The cake is unwrapped slowly. We photograph the wrapper front and back, noting any stamps, batch numbers, or leaf-grade abbreviations. A sample of the dry leaf is lifted from the edge and placed in a white porcelain dish. The smell is the first honest signal: old libraries, camphor, a trace of dried jujube, or sometimes a flat cardboard note that suggests over-drying. A 2006 Menghai 7542 passed through a wet Guangzhou summer will smell nothing like the same recipe stored in a Kunming flat. We teach you to trust the nose before the water touches the leaf.
We rinse the leaves twice, short and swift — a practice borrowed from the old Kunming factories to wake the compressed material without stripping the early infusions. The first brew is always observed, not immediately drunk. We hold the cup by its rim and look at the colour: an amber that edges towards chestnut suggests dry ageing; a deep reddish mahogany often whispers of traditional storage with its humid, enzymatic acceleration. A thin, pale liquor in a decade-old cake can be a quiet alarm. You learn to read the tea as much as taste it.
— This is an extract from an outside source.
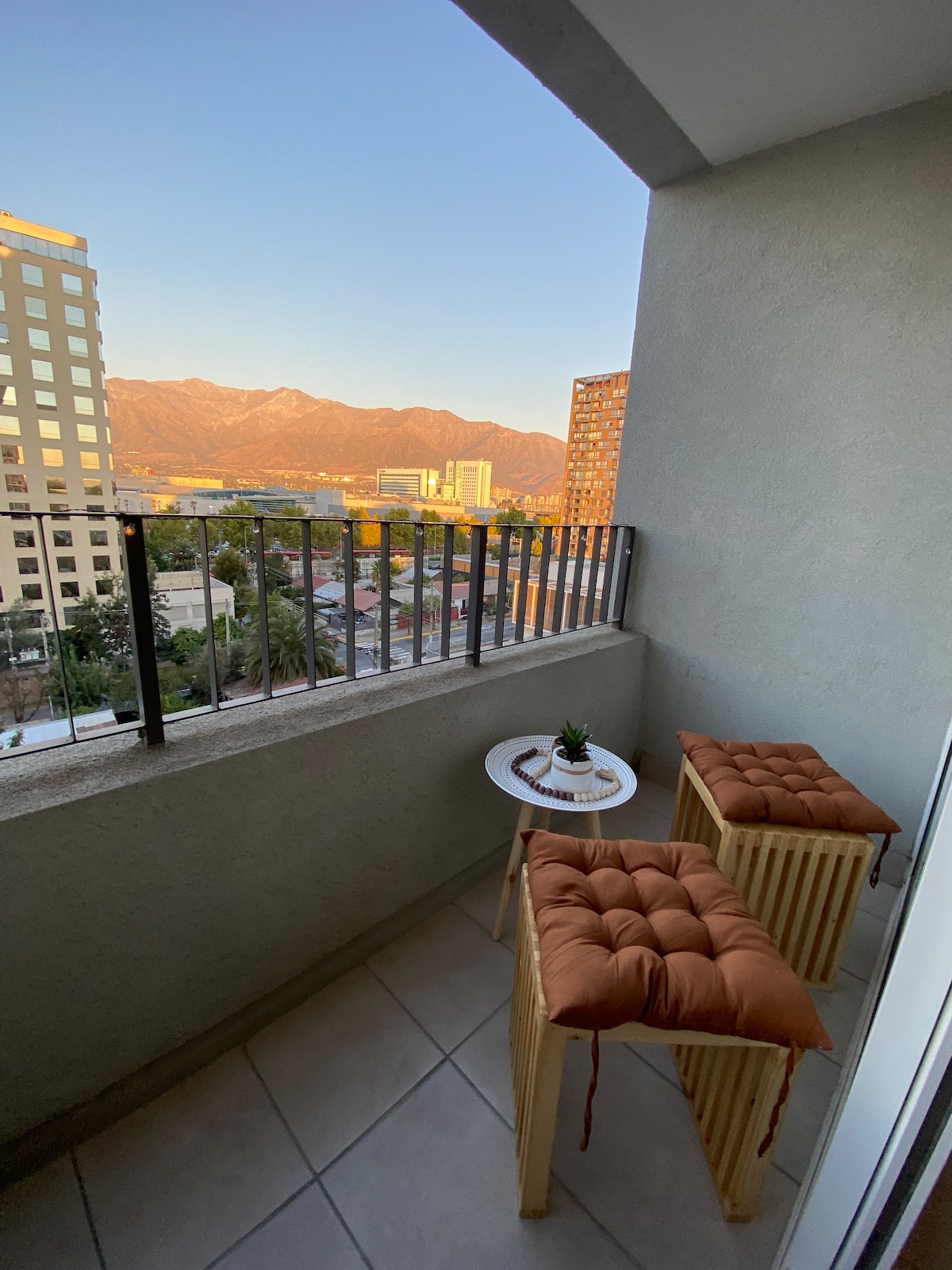 Moderno depto. con hermosa vista cordillera Ubicado en sector céntrico y tranquilo, a 500 mts del metro Bellavista, 700 mts del Mall Plaza Vespucio, 800 mts de Clínica Dávila, 20 min del aeropuerto, 10 min del Estadio Bicentenario y 7 min del Estadio monumental. 1 habitación + sofá cama en el living Cocina equipada Baño privado Balcón con vista a la cordillera WiFi y TV con aplicaciones Completamente equipado Moderno, cómodo y minimalista Piscina, gimnasio, quincho, co-work y salón de eventos

We move into the wet-leaf examination. After the rinse, the leaves are unfolded on the lid of the gaiwan and inspected row by row. We look for even oxidation, the presence of whole leaves versus broken fragments, and any signs of re-steaming or surface mould that was brushed off earlier. Through a loupe, you see the tiny cracks and folds that only genuine compression produces over time — a pressed leaf changes like old paper. Rehearsed fakes rarely hold that soft, irregular lattice of wear.
The heart of the session is the water-extract evaluation. We pour three precisely timed infusions, measuring the weight of the steep and the texture of the pour. The first carries the perfume; the second reveals the structure; the third tests endurance. Liu Shenyang often places a neutral reference sample — say, a 2005 Xiaguan mushroom tuo of verifiable Kunming storage — beside the cake under review. Drinking them in tandem exposes imbalances: a sudden astringency in the fourth infusion, or a hollow throat feel that never fills. These are data points that go straight into the written report.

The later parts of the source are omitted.